Problem
Pictures stay out of the copy, which must hold exactly the lines from the one containing "An example of an illegal connection" through the end of the material below.

Material for this exercise

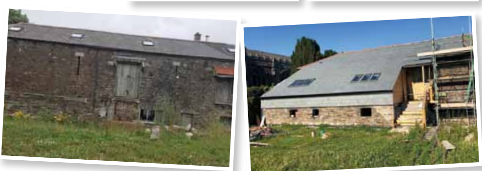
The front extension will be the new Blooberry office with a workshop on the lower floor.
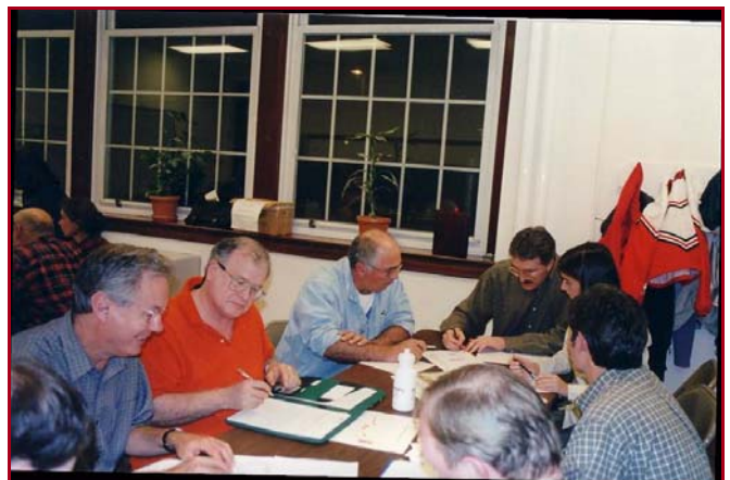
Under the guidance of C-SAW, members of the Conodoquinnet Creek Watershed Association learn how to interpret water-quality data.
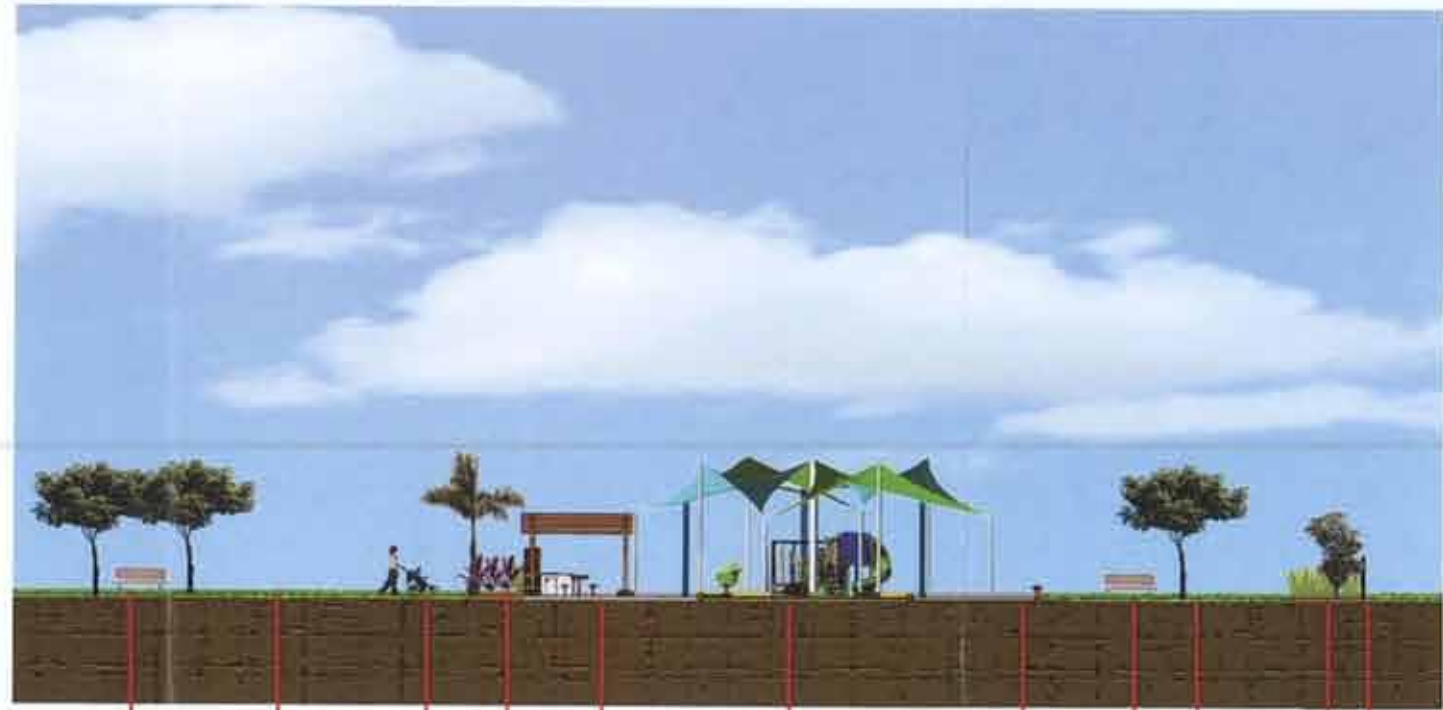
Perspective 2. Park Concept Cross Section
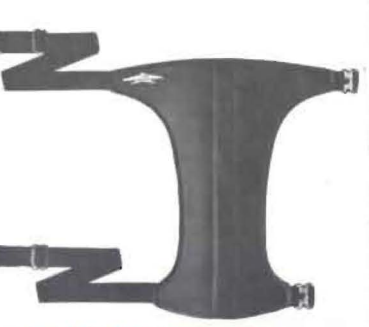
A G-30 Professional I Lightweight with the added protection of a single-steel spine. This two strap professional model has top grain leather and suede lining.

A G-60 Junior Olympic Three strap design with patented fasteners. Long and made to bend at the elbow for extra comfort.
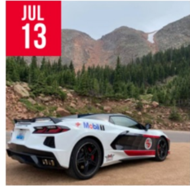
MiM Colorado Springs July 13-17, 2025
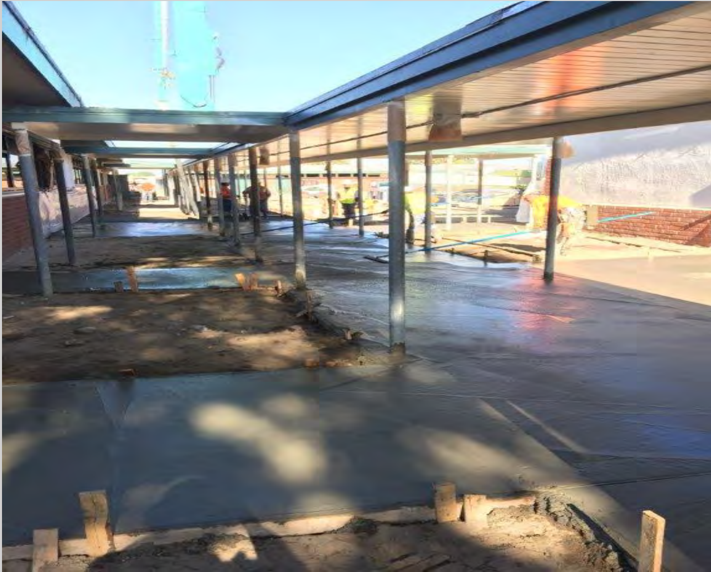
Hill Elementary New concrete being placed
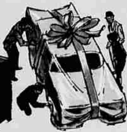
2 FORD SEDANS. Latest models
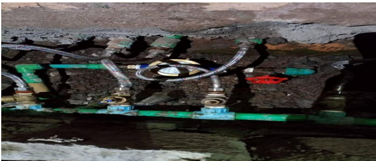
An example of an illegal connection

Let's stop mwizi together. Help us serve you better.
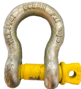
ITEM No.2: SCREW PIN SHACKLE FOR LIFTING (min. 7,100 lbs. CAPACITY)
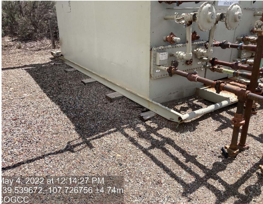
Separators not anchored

Exercise result
An example of an illegal connection

Let's stop mwizi together. Help us serve you better.
ITEM No.2: SCREW PIN SHACKLE FOR LIFTING (min. 7,100 lbs. CAPACITY)
Separators not anchored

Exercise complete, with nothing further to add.